### Extracted entries
########################################

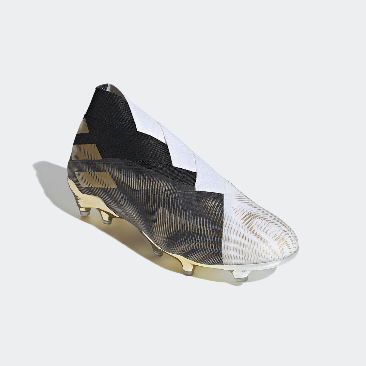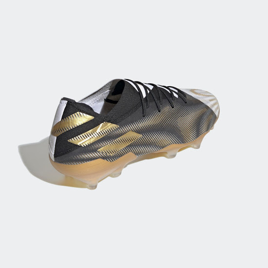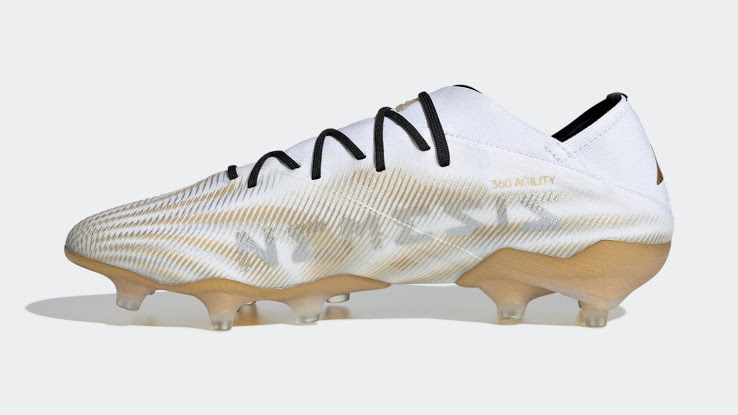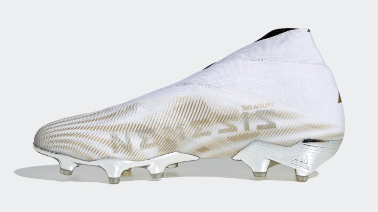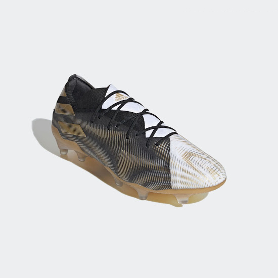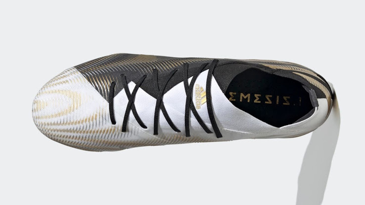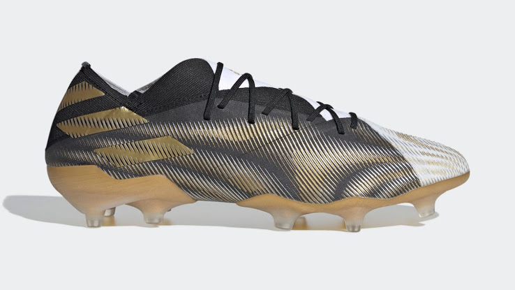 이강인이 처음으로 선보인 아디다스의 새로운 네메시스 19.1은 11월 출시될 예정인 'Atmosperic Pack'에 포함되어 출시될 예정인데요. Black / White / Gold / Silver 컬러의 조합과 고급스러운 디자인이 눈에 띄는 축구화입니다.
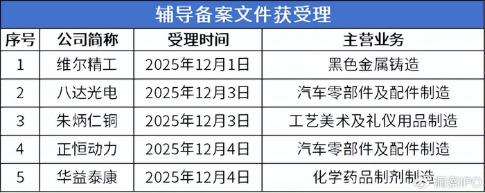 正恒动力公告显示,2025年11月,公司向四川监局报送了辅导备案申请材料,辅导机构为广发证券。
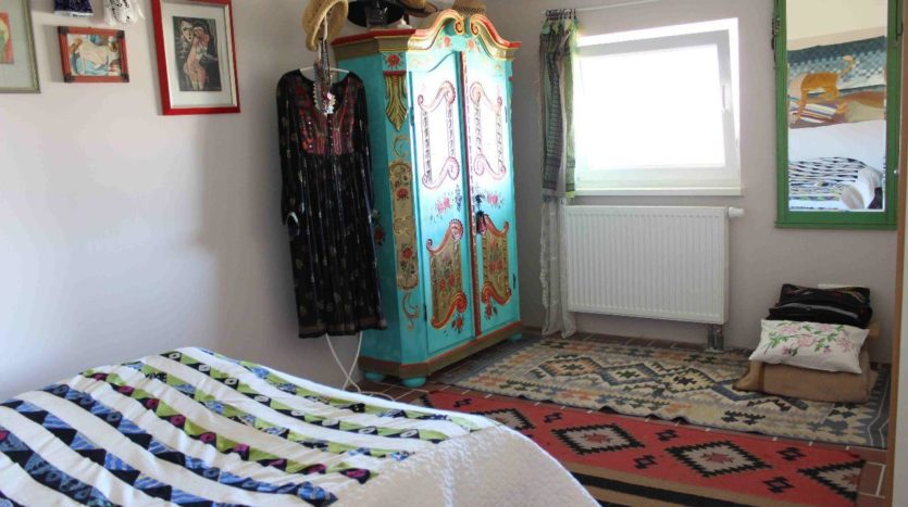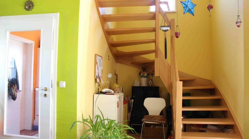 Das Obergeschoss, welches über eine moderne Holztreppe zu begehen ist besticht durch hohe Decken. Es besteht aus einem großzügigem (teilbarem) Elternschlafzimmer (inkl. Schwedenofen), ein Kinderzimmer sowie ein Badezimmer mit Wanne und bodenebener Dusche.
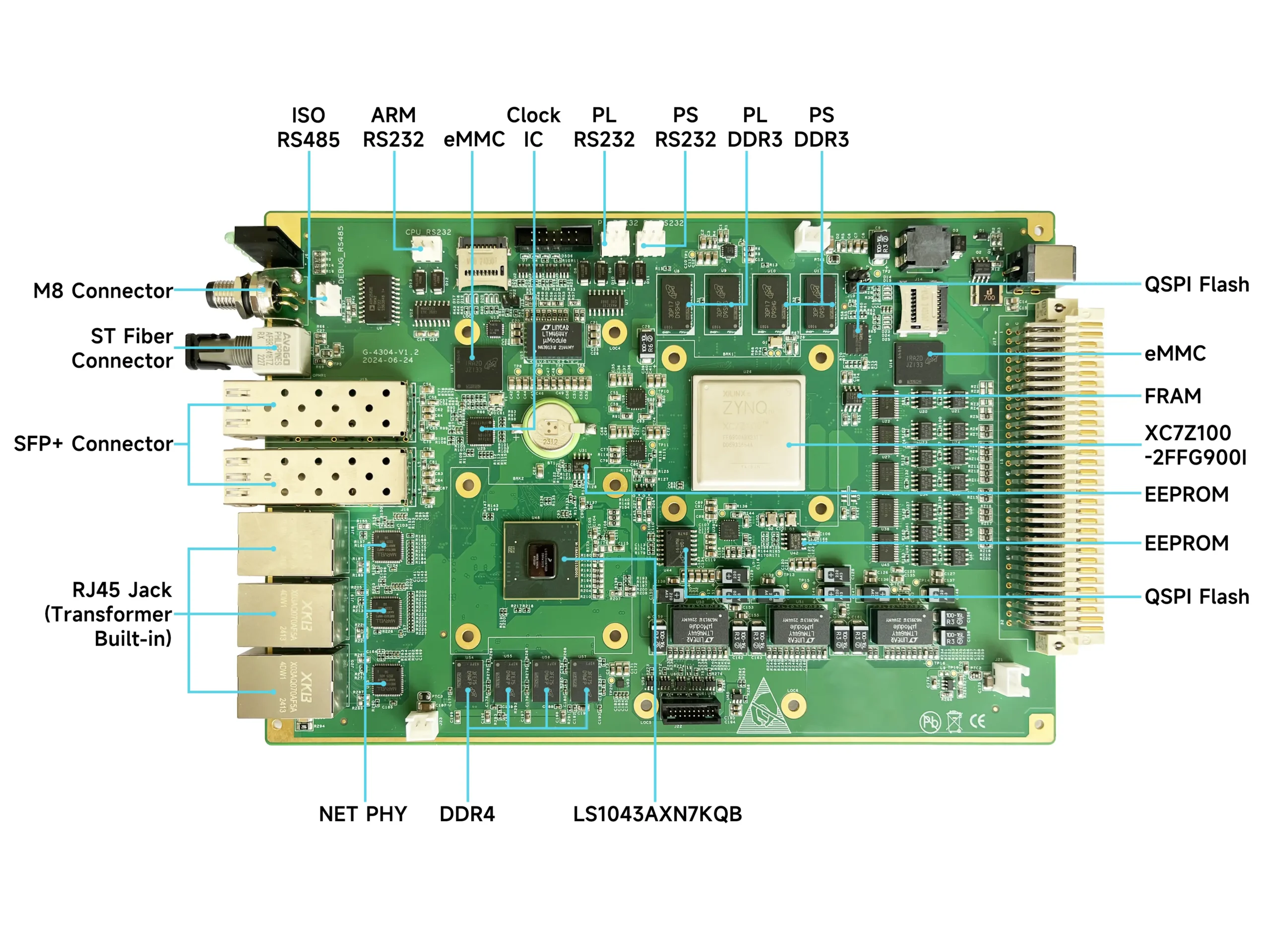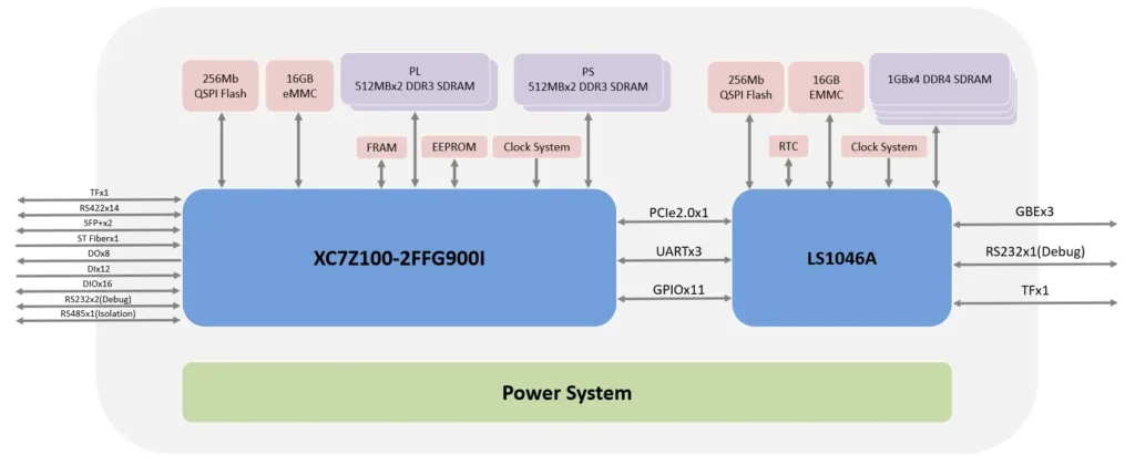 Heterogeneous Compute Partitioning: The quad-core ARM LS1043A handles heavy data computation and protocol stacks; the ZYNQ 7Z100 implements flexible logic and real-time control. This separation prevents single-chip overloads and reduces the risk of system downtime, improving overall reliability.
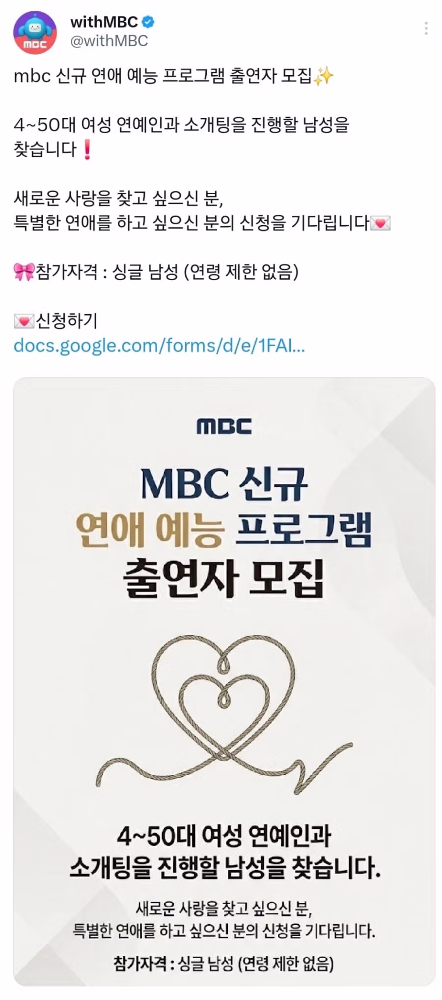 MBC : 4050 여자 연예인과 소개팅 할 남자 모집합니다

########################################

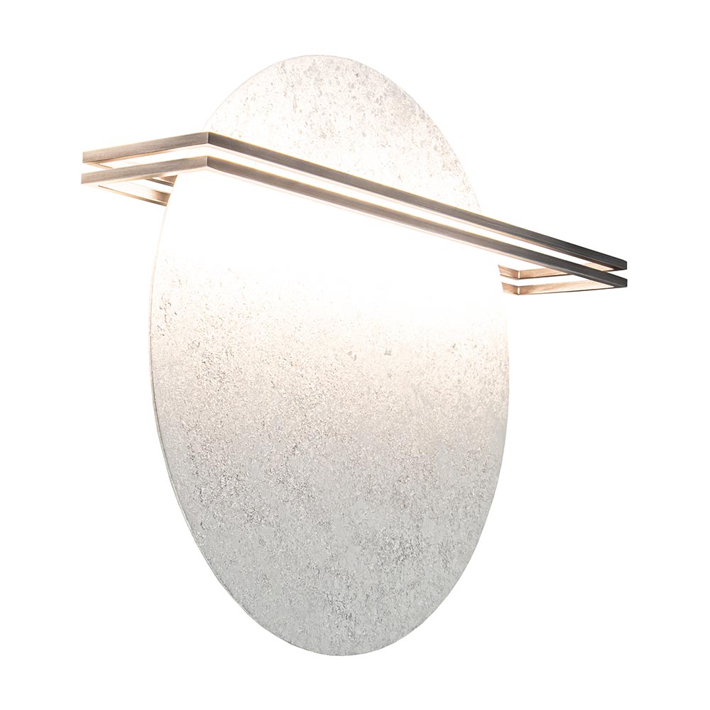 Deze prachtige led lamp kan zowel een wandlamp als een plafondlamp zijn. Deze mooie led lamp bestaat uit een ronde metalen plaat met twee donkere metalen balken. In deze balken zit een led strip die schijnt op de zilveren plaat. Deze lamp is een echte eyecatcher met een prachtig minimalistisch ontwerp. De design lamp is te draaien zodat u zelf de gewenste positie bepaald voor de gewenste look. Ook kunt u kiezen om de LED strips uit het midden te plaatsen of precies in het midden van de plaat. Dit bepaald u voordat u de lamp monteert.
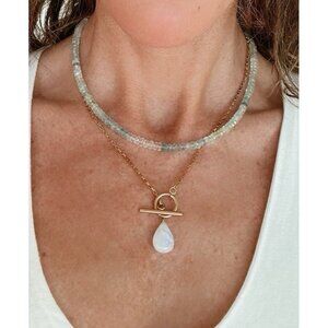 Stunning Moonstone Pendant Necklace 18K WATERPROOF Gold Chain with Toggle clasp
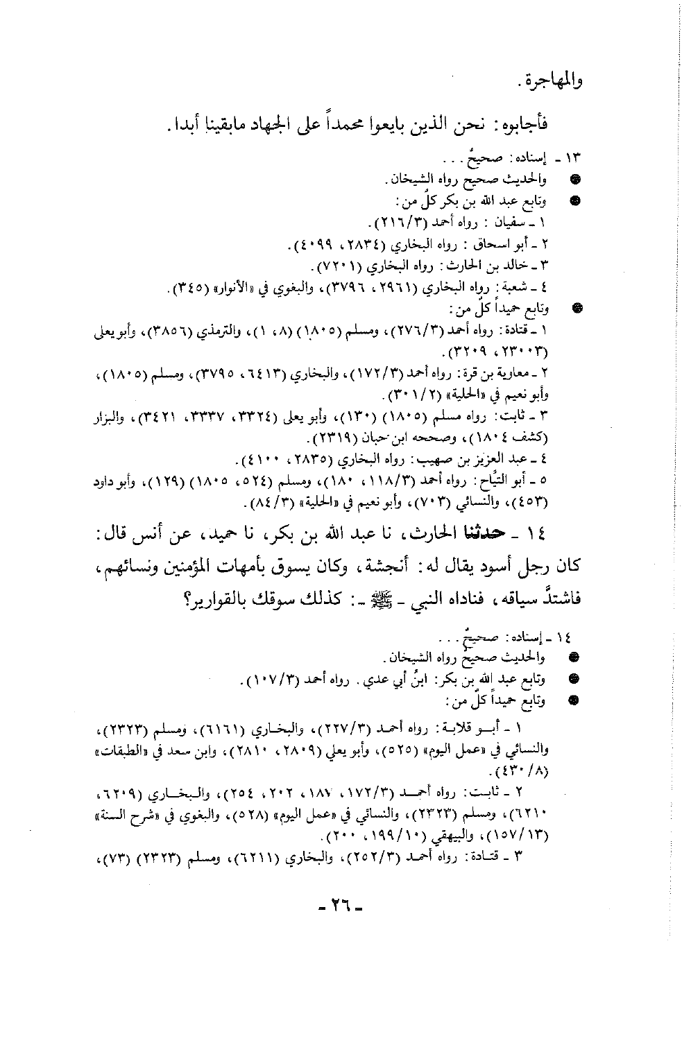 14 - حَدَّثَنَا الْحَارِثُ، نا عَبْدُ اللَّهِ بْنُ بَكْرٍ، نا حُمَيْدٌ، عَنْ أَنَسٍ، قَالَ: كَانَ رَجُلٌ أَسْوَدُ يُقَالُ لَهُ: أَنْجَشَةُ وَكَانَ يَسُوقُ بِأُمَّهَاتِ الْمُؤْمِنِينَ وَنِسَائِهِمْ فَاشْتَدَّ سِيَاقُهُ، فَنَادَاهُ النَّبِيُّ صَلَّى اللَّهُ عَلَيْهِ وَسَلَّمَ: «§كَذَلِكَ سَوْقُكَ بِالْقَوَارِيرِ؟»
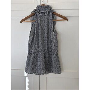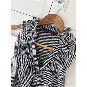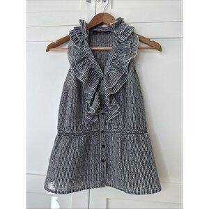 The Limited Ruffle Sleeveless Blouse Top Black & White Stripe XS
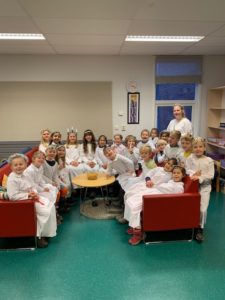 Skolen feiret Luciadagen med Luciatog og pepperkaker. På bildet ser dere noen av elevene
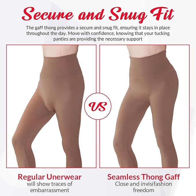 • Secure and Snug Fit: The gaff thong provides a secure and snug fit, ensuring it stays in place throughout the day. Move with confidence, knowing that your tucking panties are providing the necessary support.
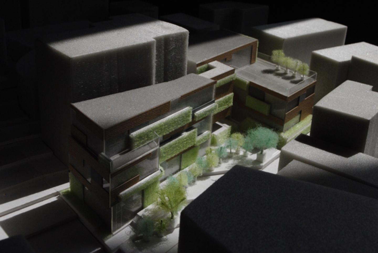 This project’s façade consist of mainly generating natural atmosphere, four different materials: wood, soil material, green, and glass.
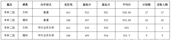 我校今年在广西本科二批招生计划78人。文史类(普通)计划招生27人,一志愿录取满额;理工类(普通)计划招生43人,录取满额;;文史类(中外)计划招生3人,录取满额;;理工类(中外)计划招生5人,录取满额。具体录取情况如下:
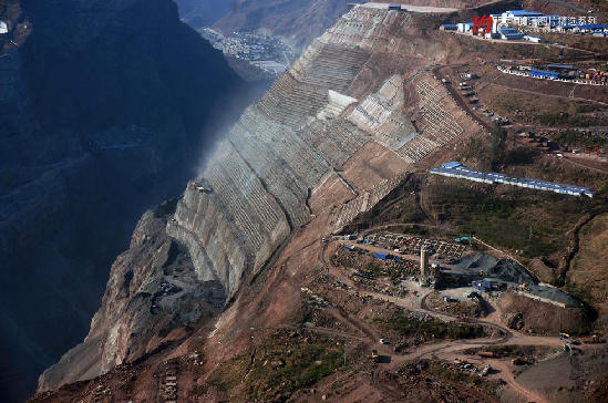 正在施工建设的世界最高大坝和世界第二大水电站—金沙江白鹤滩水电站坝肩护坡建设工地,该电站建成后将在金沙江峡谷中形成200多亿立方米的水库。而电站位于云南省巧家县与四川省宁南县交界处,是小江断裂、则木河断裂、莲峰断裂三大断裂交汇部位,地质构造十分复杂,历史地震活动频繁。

########################################

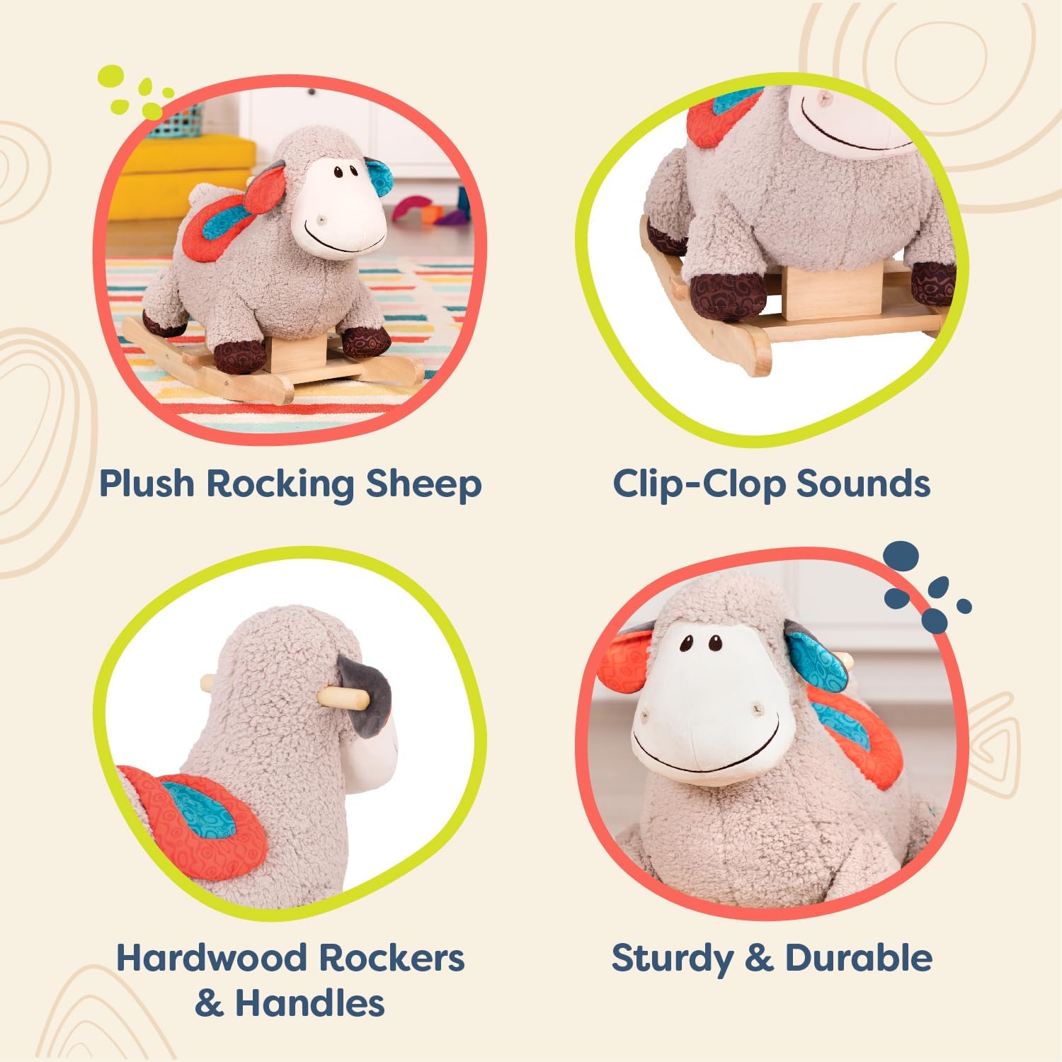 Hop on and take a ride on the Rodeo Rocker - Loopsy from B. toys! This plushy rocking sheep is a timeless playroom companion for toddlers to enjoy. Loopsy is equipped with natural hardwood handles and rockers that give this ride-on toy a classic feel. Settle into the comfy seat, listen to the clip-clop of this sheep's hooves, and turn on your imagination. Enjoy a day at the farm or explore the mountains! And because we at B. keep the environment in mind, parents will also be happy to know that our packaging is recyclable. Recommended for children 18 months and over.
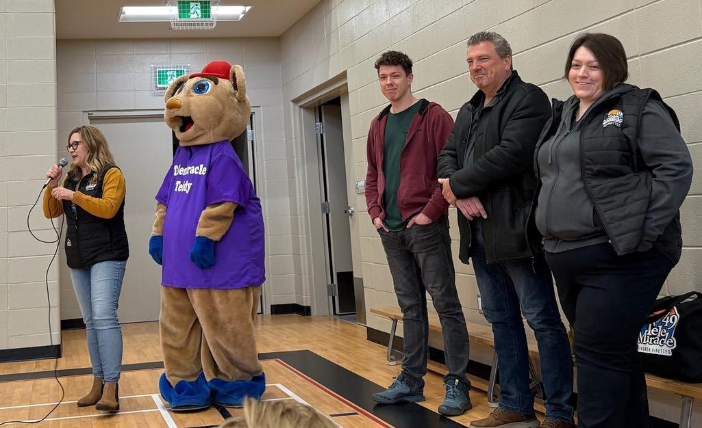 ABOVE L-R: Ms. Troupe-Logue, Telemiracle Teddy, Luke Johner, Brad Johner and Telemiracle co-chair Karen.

########################################

Once the line with "正恒动力公告显示,2025年" is found above, transcribe each line from it through the line with "MBC : 4050 여자 연예인과 소개팅 할 남자 모집합니다", exactly, and omit the pictures.

### Expected answer
 正恒动力公告显示,2025年11月,公司向四川监局报送了辅导备案申请材料,辅导机构为广发证券。
 Das Obergeschoss, welches über eine moderne Holztreppe zu begehen ist besticht durch hohe Decken. Es besteht aus einem großzügigem (teilbarem) Elternschlafzimmer (inkl. Schwedenofen), ein Kinderzimmer sowie ein Badezimmer mit Wanne und bodenebener Dusche.
 Heterogeneous Compute Partitioning: The quad-core ARM LS1043A handles heavy data computation and protocol stacks; the ZYNQ 7Z100 implements flexible logic and real-time control. This separation prevents single-chip overloads and reduces the risk of system downtime, improving overall reliability.
 MBC : 4050 여자 연예인과 소개팅 할 남자 모집합니다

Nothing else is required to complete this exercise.